Kimi K2 1T model runs on 2 512GB M3 Ultras
Model details and quantization
- The demo uses Kimi K2 at 4‑bit quantization on two 512GB M3 Ultras; several people note this should be explicitly stated, though some assume “1T parameters” implicitly means heavy quantization.
- There’s confusion between Kimi K2 vs K2 Thinking (K2T): they are different models with very different capabilities and post‑training. K2T is seen as closer to top-tier models like Sonnet 4.5.
- Questions arise about context length and prefill speed; commenters warn that “it runs” at small context doesn’t imply usable performance at large, coding‑style contexts.
Behavior, style, and use cases
- Kimi K2 is described as less capable than frontier models on complex reasoning but unusually strong at:
- Short-form writing (emails, communication)
- Editing and blunt critique
- “Emotional intelligence” / social nuances in messages
- Geospatial tasks
- It is perceived as unusually direct, willing to call out user mistakes, and to clearly say “there is no answer in the search results.” Some users value this non‑sycophantic style.
Instruction-following vs pushback
- One camp wants strict, assumption‑free instruction following (especially for coding), with the model asking clarifying questions rather than disagreeing.

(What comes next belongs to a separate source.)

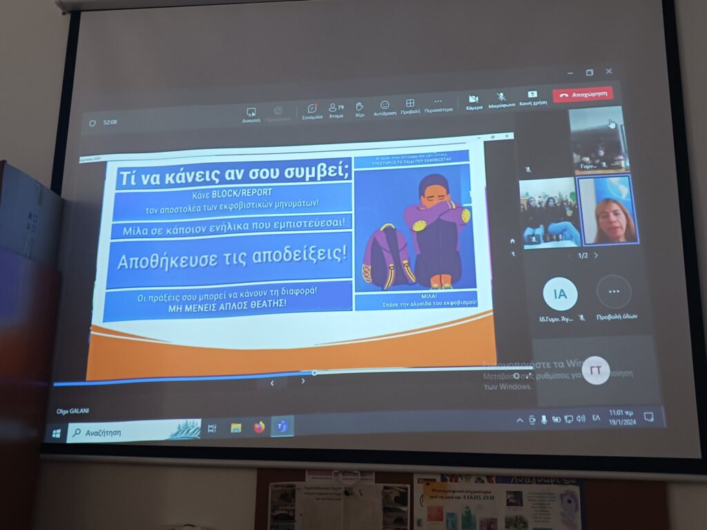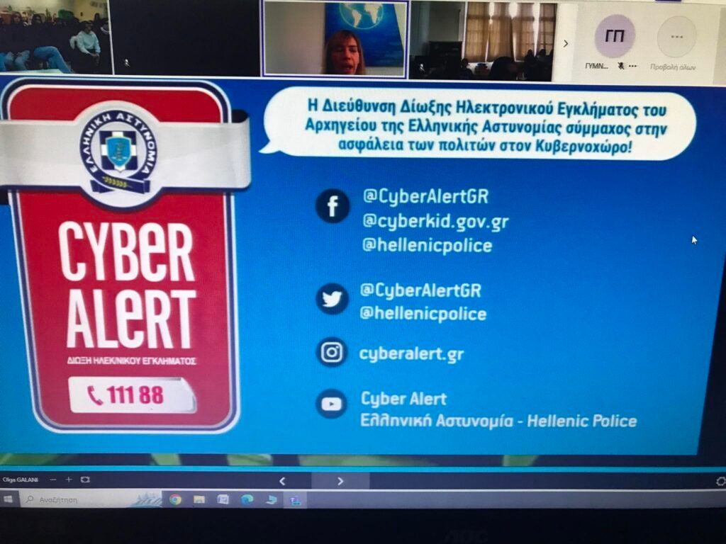 Την Παρασκευή 19 Ιανουαρίου τα τέσσερα τμήματα της Β’ τάξης του Γυμνασίου Τήνου παρακολούθησαν διαδικτυακή εκπαιδευτική εκδήλωση της Δίωξης Ηλεκτρονικού Εγκλήματος σχετικά με την ασφάλεια στο διαδίκτυο. Οι μαθητές ενημερώθηκαν για τα αδικήματα που τελούνται μέσω διαδικτύου, τους κινδύνους που κρύβονται στις συνήθεις καθημερινές δραστηριότητες όλων μας (συναλλαγές, μέσα κοινωνικής δικτύωσης, διαδικτυακά παιχνίδια), το φαινόμενο του διαδικτυακού εκφοβισμού καθώς και τα μέσα προστασίας από πιθανούς κινδύνους ή αδικήματα.

- Another camp prefers agents that take initiative, push back on dubious instructions, and warn about dangerous consequences (e.g., potential SQL injection).

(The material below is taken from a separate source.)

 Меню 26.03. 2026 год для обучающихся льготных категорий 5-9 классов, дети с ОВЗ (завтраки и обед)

- A middle ground emerges: models should sometimes ask clarifying questions and sometimes challenge the request, but not blindly comply.
Training, architecture, and RLHF
- Kimi is said to be based on a DeepSeek-style MoE architecture, trained with the Muon optimizer and “mainly finetuning.”
- Debate over whether most Chinese models are downstream of DeepSeek/GPT; others point to Qwen, Mistral, Llama, ERNIE, etc. as independent efforts.
- Several comments criticize mainstream RLHF for over-optimizing for politeness and flattery; Kimi is praised as a counterexample.
Benchmarks and prompting
- Kimi K2 reportedly performs unusually well on the “clock test” and EQBench (with the caveat that EQBench is LLMs grading LLMs).
- Discussion around more “linguistically technical” system prompts to force blunt, “bald-on-record” responses, illustrating how prompt wording strongly shapes behavior.
- One commenter argues these are really “word models,” not true “language models,” since phrasing and register substantially affect outputs.
Local vs cloud, cost, and privacy
- Running a 1T model locally on dual M3 Ultras (~$19K) is viewed by many as uneconomical versus cloud inference, especially given low personal utilization and very fast providers (Groq, Cerebras, etc.).
- Others argue local is about:
- Privacy and sensitive data (including “record everything” workflows and codebases)
- Autonomy from future “enshittification” of cloud AI
- Hobbyist experimentation and research
- There’s disagreement over whether local makes sense only for privacy/hobby vs. future-proofing or high‑value bespoke uses.
Hardware and interconnect
- Some speculate about macOS RDMA over Thunderbolt; the original demo is confirmed not to be using it yet, with expected future speedups.
- Questions arise about Linux equivalents: vLLM can scale over standard Ethernet, but peak performance requires RDMA‑class interconnects.
- Commenters also note refurbished/discounted M3 Ultras but point out that the lower-cost refurb configs don’t match the 512GB RAM spec in the demo.